— Вас ищут,— сказал он,— приехал Карл Оттонович и пьет за здоровье молодых.
«Черт бы их взял,— подумал ротмистр, при имени фон Клабэна снова придя в свое угнетенное состояние духа.— И чего ради он приехал сюда?»
Встреча с Карлом Оттоновичем его вовсе не привлекала. Он боялся за себя, за свою несдержанность…
На чистой половине все чокались и поздравляли графа. Шампанское было не из дорогих — его прислал фон Клабэн. Зачем было давать хорошее шампанское этой серой публике?
Крикнули музыкантов. Они остановились у порога и сыграли «почтенный марш» — что-то очень однообразное и вовсе не веселое.
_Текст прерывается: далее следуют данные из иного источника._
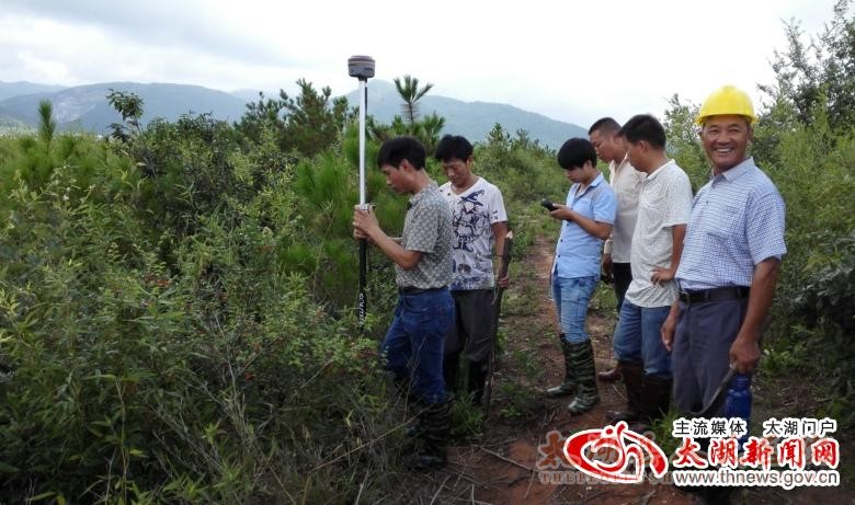 8月11至12日,县医院整体搬迁项目勘界工作正式启动,地面附着物清理和勘探工作随后即将全面展开。图为国土局土地勘测所工作人员在现场按坐标定位。(县卫生局)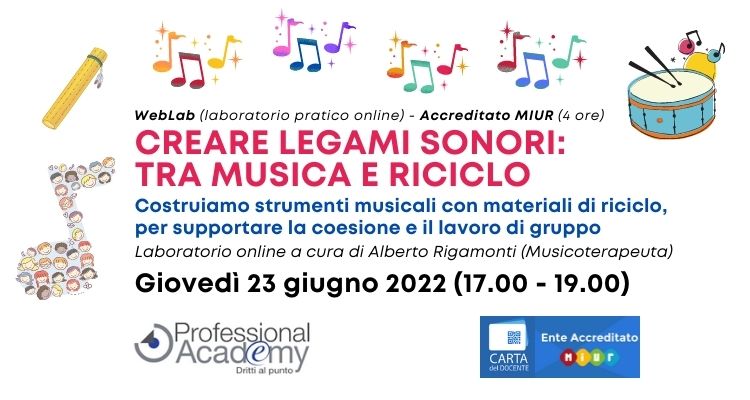 CREARE LEGAMI SONORI: TRA MUSICA E RICICLOCostruiamo strumenti musicali con materiali di riciclo, per supportare la coesione e il lavoro di gruppoQuando:giovedì 23 giugno 2022Orario: 17.00 – 19.00Docente: Alberto Rigamonti, Musicoterapeuta specializzato in Musicoterapia Neurologica, Dottore in scienze e tecniche psicologiche. Svolge attività di musicoterapia e comunicazione sonora presso Istituti Comprensivi Statali e sessioni individuali con bambini, ragazzi e adulti con difficoltà cognitive, motorie e relazionali.

Увидя Галдина, фон Клабэн как будто на мгновение смутился, но сейчас же овладел собой и первый подошел к нему.
— О! Вы тоже здесь,— сказал он, все же не решаясь подать руку и делая вид, что вытирает платком свой бокал.— Это очень хорошо. Я хотел поговорить с вами.
— Вот как? — улыбнулся Галдин.— Мне кажется, что нам уже не о чем говорить…
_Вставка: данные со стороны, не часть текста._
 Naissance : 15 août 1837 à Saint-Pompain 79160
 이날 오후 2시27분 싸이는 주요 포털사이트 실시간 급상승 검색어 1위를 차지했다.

— Нет, отчего же,— успокоившись отвечал тот.— Нам можно сказать несколько слов… Что? Мы все-таки в некотором роде имеем общие дела…
Он улыбнулся, довольный своей шуткой.
Григорий Петрович проговорил сухо:
— По правде говоря, мне очень неприятны эти наши «общие» дела, но если вам угодно, я готов слушать. Только нельзя ли поскорей — я спешу домой…
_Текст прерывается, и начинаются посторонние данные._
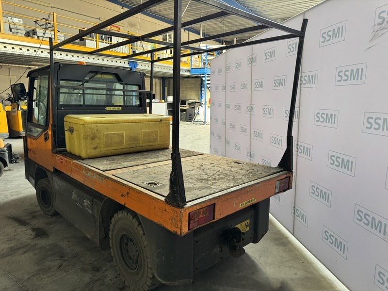 Merk: Still Product: Trek Auto Kleur: oranje Materiaal: Staal Afmeting: L350 x B180 x H180 cm BouwJaar: 2008 Conditie: gebruikt Specificaties: Trek auto trek kracht 6000 nm 5 KW. Batterij mist. 80 V gewicht zonder accu, 2440 Kg serie nummer: 280127900266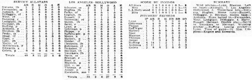At the opposite side of the country, another fund-raising game was organized by comedian and actor, Joe E. Brown with the goal of using the monies raised to purchase sporting equipment for soldiers, Marines, airmen and sailors serving in the Pacific theater. The All Pacific Recreation game saw the host Pacific Coast League take on a squad of service all-stars, Instead of a blended roster of players from the two representative teams (the Los Angeles Angels and Hollywood Stars), the two squads split the game with each playing 4-1/2 innings.. The game was played at Gilmore Field in Los Angeles (home of the Angels) and raised more than $25,000 (see: A Passion for the Troops: Joe E. Brown’s All Pacific Recreation Fund).
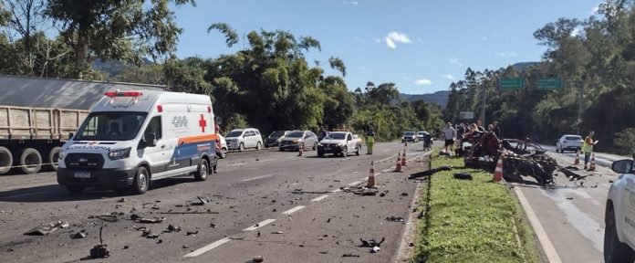 Uma pessoa morreu e outras duas ficaram feridas em um acidente de trânsito no km 39 da ERS-122, em São Vendelino, na Serra Gaúcha, neste sábado (08). O acidente, envolvendo um carro e um caminhão, ocorreu por volta das 11h.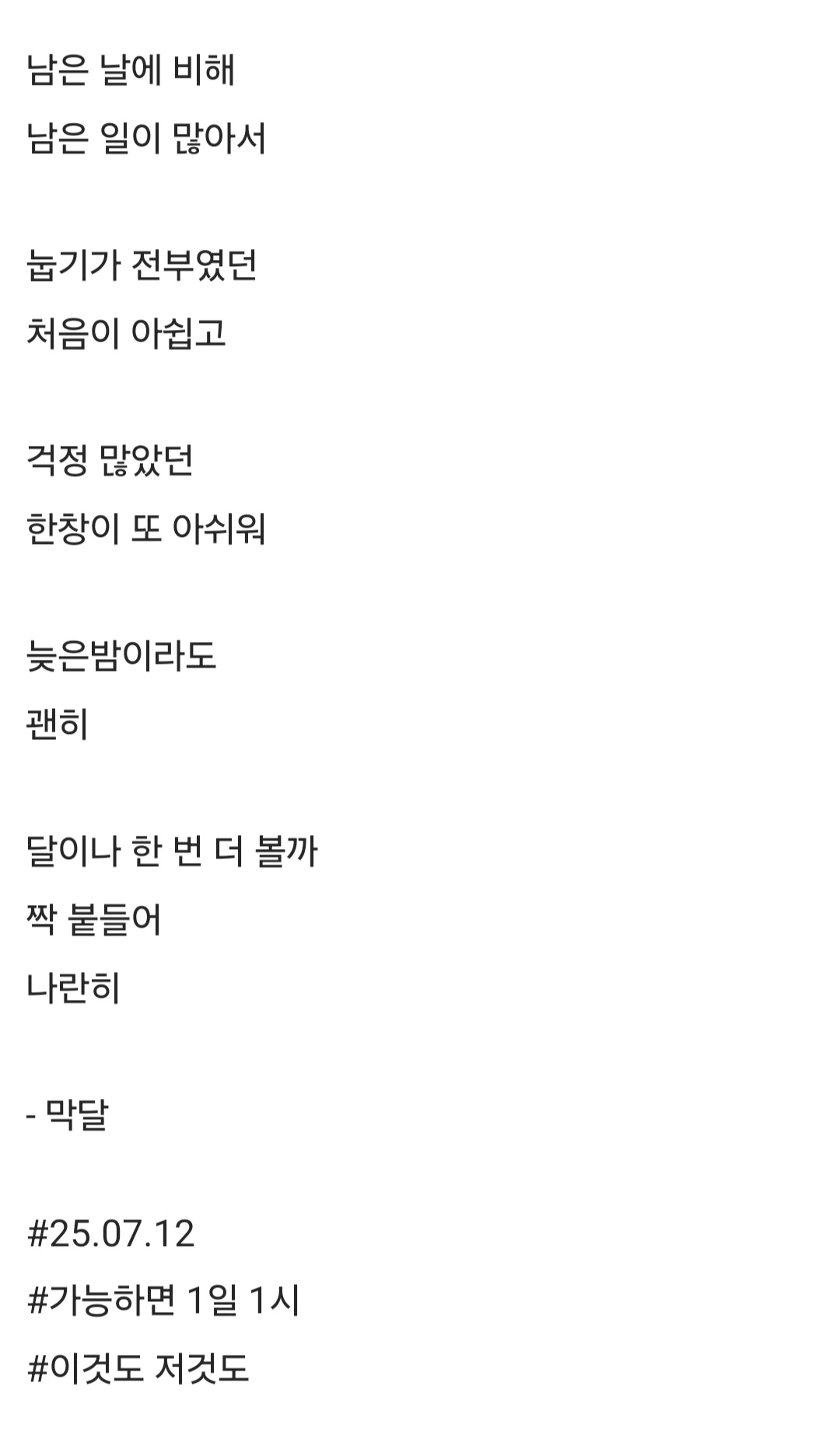 남은 날에 비해남은 일이 많아서눕기가 전부였던처음이 아쉽고걱정 많았던한창이 또 아쉬워늦은밤이라도괜히달이나 한 번 더 볼까짝 붙들어나란히- 막달#25.07.12#가능하면 1일 1시#이것도 저것도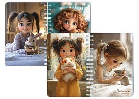 Блокнот-перевертыш А6 80л гребень "Девочки и зверята" кл. Апплика 249139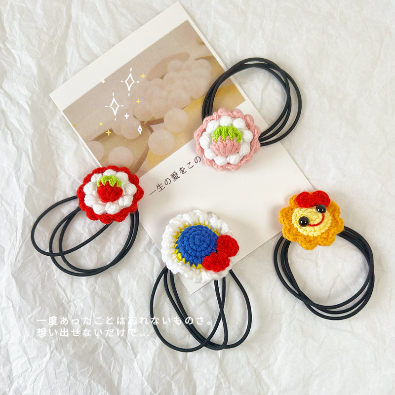 2022秋冬の甘美な小香風の毛糸のメリヤスの少女は馬尾の髪のひもの小学生の髪のひもを刺します。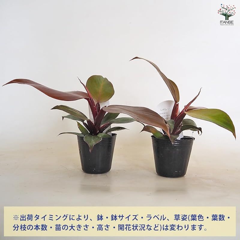 ITANSE フィロデンドロン レッドムーン 2.5号 セット 観葉植物 学名 Philodendron redmoon サトイモ科 非耐寒性常緑多年草 原生地 南米 美しい赤斑が特徴的 アートに飾れる 葉も丸みを帯びてかわいらしい 耐陰性が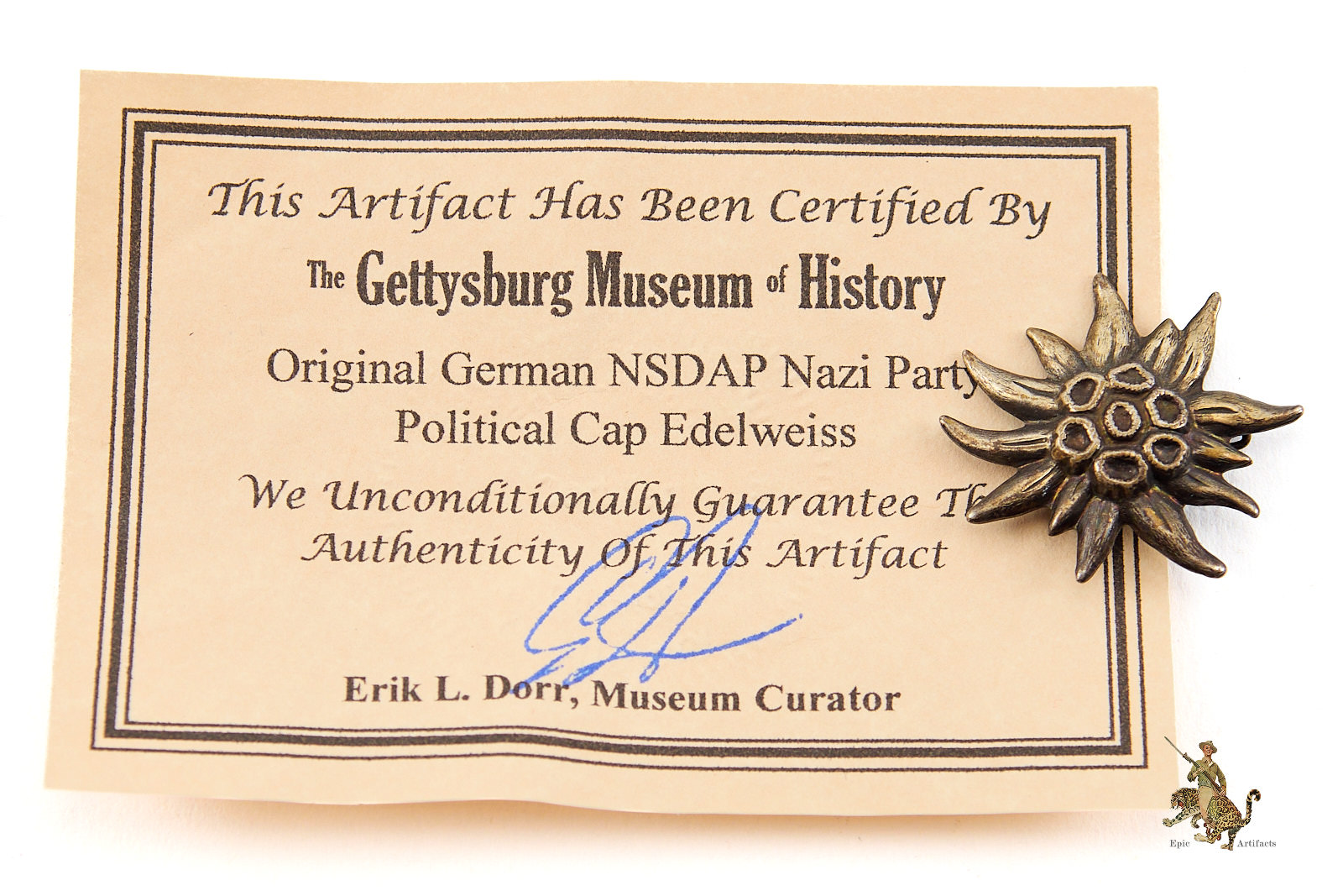 This NSDAP Political Cap Edelweiss Badge rates as excellent + condition. Entirely original and uncleaned, the badge is preserved is accompanied by a certificate of authenticity from The Gettysburg Museum of History. A highly desirable and historically significant specimen from the formative period of the NSDAP.

Они прошли в следующую комнату, где никого не было.
— Послушайте,— заговорил Карл Оттонович, понизив голос и чуть не беря Галдина за пуговицу его кителя.— Вы были тогда взволнованы и не могли меня слушать, но теперь вы, вероятно, поймете меня… Что? Я говорю о моей жене… Вы ведь знаете, что она опасно больна; доктор ей прописал полный покой, она от волнения может сойти с ума… Да, да, это у нее наследственное,— ее отец был алкоголик… Вы сами видите, какой у нее брат…
— Зачем вы мне это рассказываете? — перебил его нетерпеливо Галдин.
— Как зачем? Но ведь вы на ней хотели жениться… ведь это очень необдуманно…
— Позвольте мне судить об этом!
— Нет, разве неправда? Да и сама она не знает, чего хочет… Мне это неприятно говорить вам, но она сама пьет…
Галдин снова хотел перебить его, но в это время вошел граф. Он уже был нетверд на ногах и блаженно улыбался.
— Послушай, Карлуша,— говорил он, еле поворачивая язык,— милый мой, что я тебя попрошу: когда мне пришлют часы наложенным платежом, выкупи их. Очень прошу тебя… это мой свадебный подарок. Хорошо?
Карл Оттонович легонько оттолкнул его от себя:
— Хорошо, хорошо, иди себе к гостям, не мешай…
Граф послушно удалился.
«Куда я попал? — негодуя, спрашивал себя ротмистр.— Куда я попал? Нет, это черт знает что такое… это уж слишком»…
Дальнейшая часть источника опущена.